• **Brief**
Quote the listing in full, exactly as given, minus any pictures.

• **Data supplied**
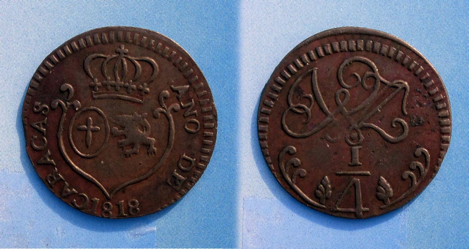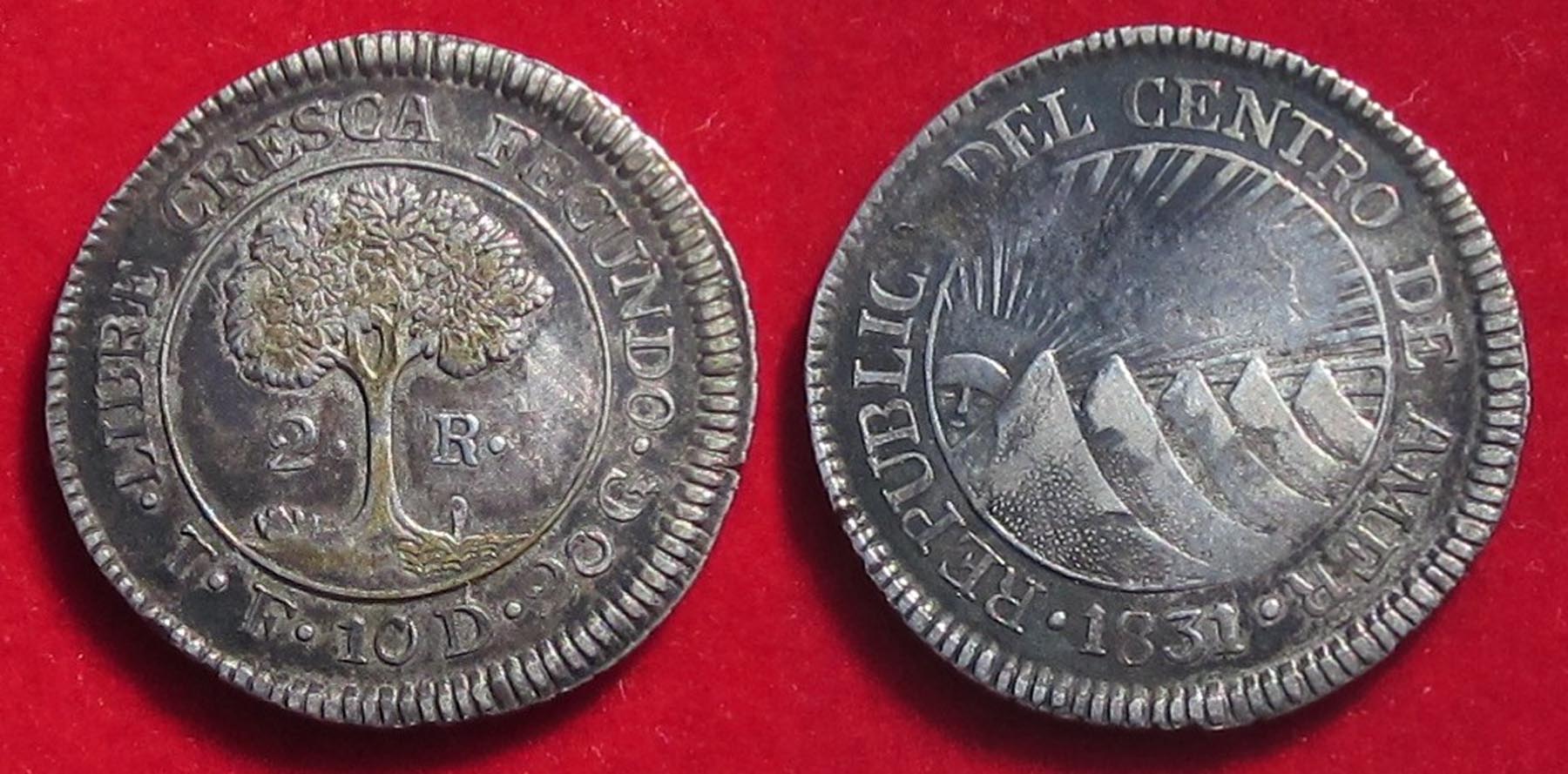 Next, I located this 1831TF Central American Republic 2 Real. Weiss Collectable Sales had this CAR piece and also an 1818 1/4 Real from Caracas Venezuela.
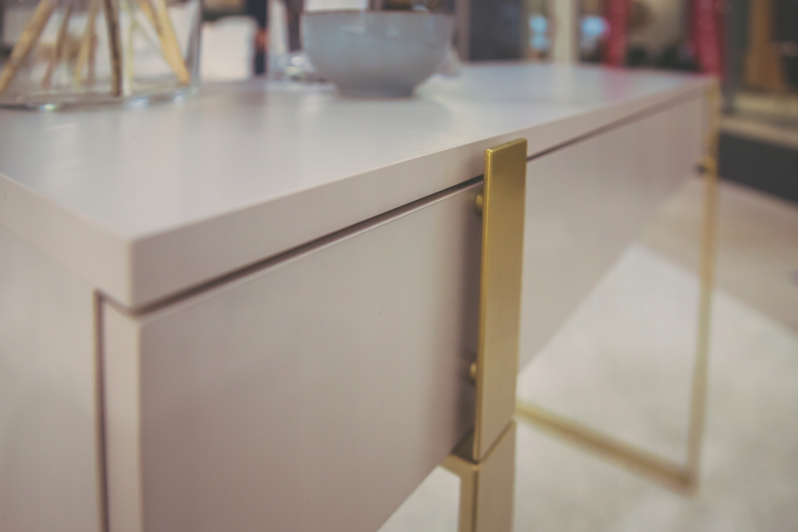 Бежевый цвет с матовым покрытием идеально подойдет для гламурного стиля и идеально впишется в скандинавские бохо, скандинавские или современные минималистские композиции. Эта простая форма дает вам столько возможностей для компоновки, что у вас никогда не закончатся идеи для нового интерьера. Гладкая лицевая панель дополнена золотыми ручками, подчеркивающими стильный дизайн консоли.
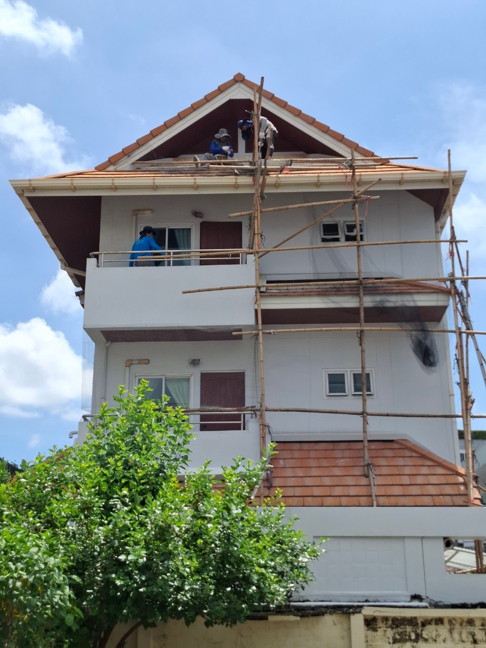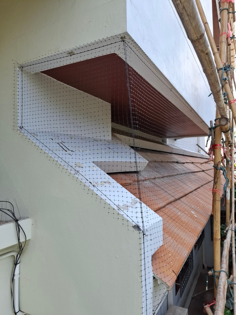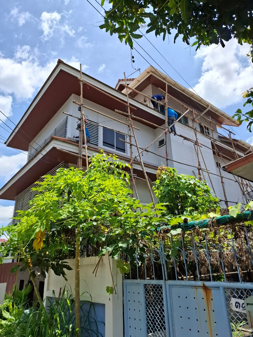 ทีมมีทรัพย์ 888 เข้าดำเนินการติดตั้งตาข่ายกันนกให้กับบ้านสามชั้นขนาดใหญ่ที่มีพื้นที่หลังคาและชายคาหลายส่วนทั้งชั้น 2 และชั้น 3 ทีมงานสำรวจและวัดพื้นที่อย่างละเอียดก่อนลงมือ และใช้นั่งร้านไม้ไผ่สำหรับการทำงานชั้นสามที่เกินระยะบันไดจะเข้าถึงได้
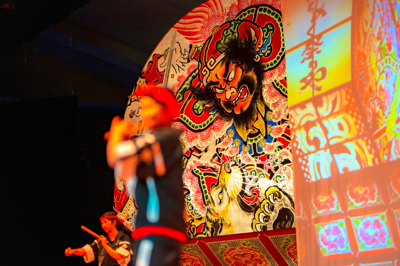 盛り上がりに合わせ、実際にお祭りでも使われた実物のねぷたが出現。その美と迫力に会場もどよめきます。
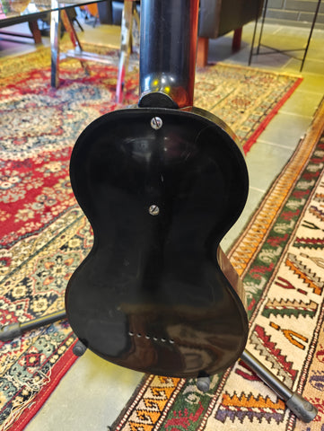 This guitar remains all original with no damage or repair, with the only alteration being the cord attachment. It shows signs of use in the Hawaiian guitar style, notably marks from the nut raiser and some scuffing to the metal parts, but no major wear. The plates have some scratches.
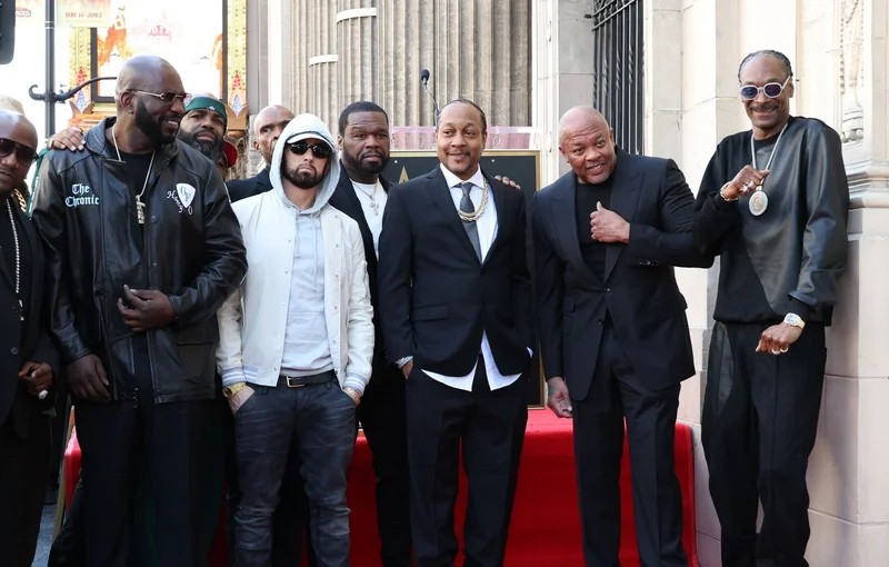 Big Boy, Эминем, 50 Cent, DJ Quik, Dr. Dre и Снуп Догг на церемонии открытия именной звезды Dr. Dre на Аллее славы, 2024 Источник фото: Monica Schipper/Getty Images
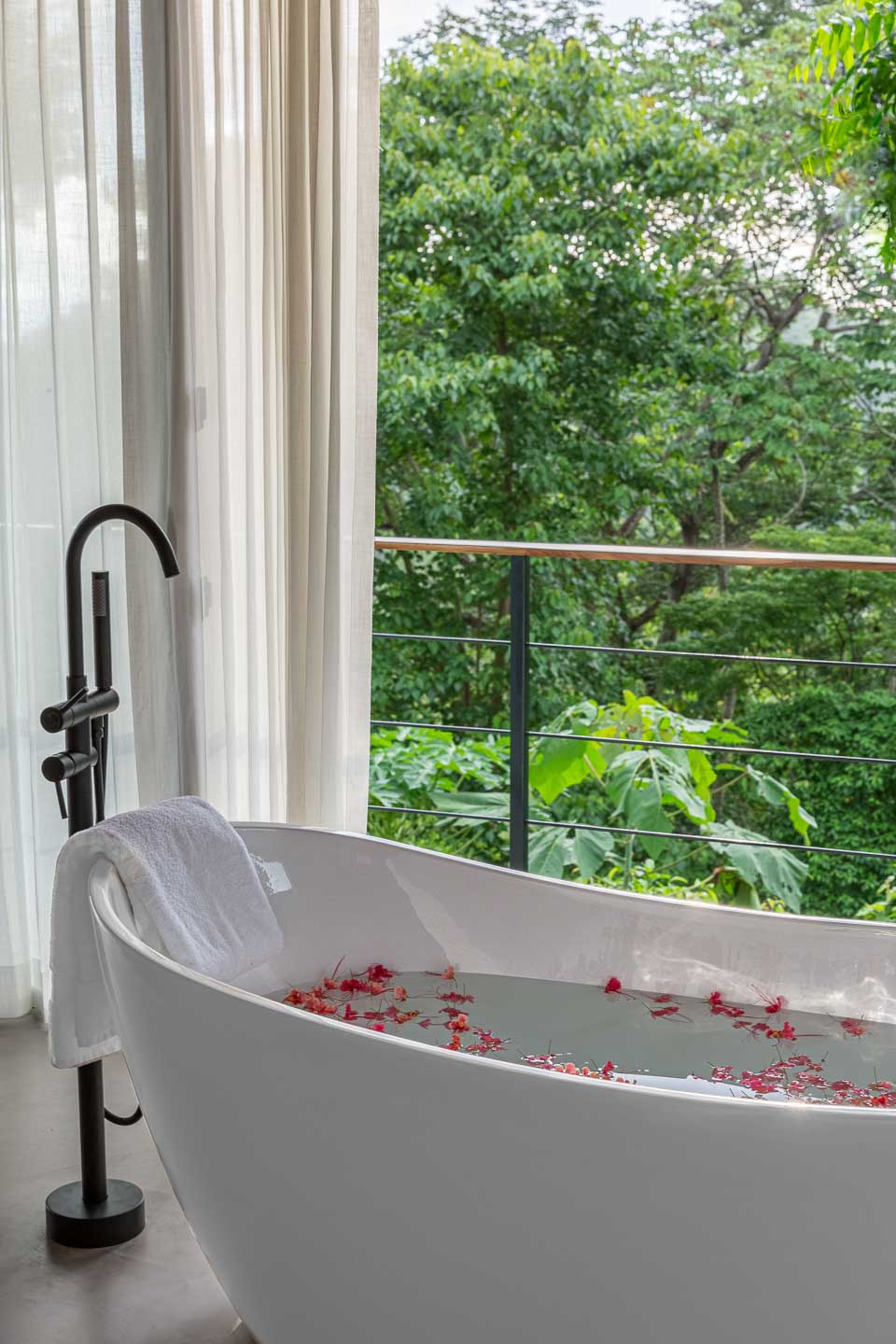 - Dos habitaciones principales en el nivel superior con bañeras de diseño abiertas a vistas impresionantes de la selva.

• **Output for this task**
 Next, I located this 1831TF Central American Republic 2 Real. Weiss Collectable Sales had this CAR piece and also an 1818 1/4 Real from Caracas Venezuela.
 Бежевый цвет с матовым покрытием идеально подойдет для гламурного стиля и идеально впишется в скандинавские бохо, скандинавские или современные минималистские композиции. Эта простая форма дает вам столько возможностей для компоновки, что у вас никогда не закончатся идеи для нового интерьера. Гладкая лицевая панель дополнена золотыми ручками, подчеркивающими стильный дизайн консоли.
 ทีมมีทรัพย์ 888 เข้าดำเนินการติดตั้งตาข่ายกันนกให้กับบ้านสามชั้นขนาดใหญ่ที่มีพื้นที่หลังคาและชายคาหลายส่วนทั้งชั้น 2 และชั้น 3 ทีมงานสำรวจและวัดพื้นที่อย่างละเอียดก่อนลงมือ และใช้นั่งร้านไม้ไผ่สำหรับการทำงานชั้นสามที่เกินระยะบันไดจะเข้าถึงได้
 盛り上がりに合わせ、実際にお祭りでも使われた実物のねぷたが出現。その美と迫力に会場もどよめきます。
 This guitar remains all original with no damage or repair, with the only alteration being the cord attachment. It shows signs of use in the Hawaiian guitar style, notably marks from the nut raiser and some scuffing to the metal parts, but no major wear. The plates have some scratches.
 Big Boy, Эминем, 50 Cent, DJ Quik, Dr. Dre и Снуп Догг на церемонии открытия именной звезды Dr. Dre на Аллее славы, 2024 Источник фото: Monica Schipper/Getty Images
 - Dos habitaciones principales en el nivel superior con bañeras de diseño abiertas a vistas impresionantes de la selva.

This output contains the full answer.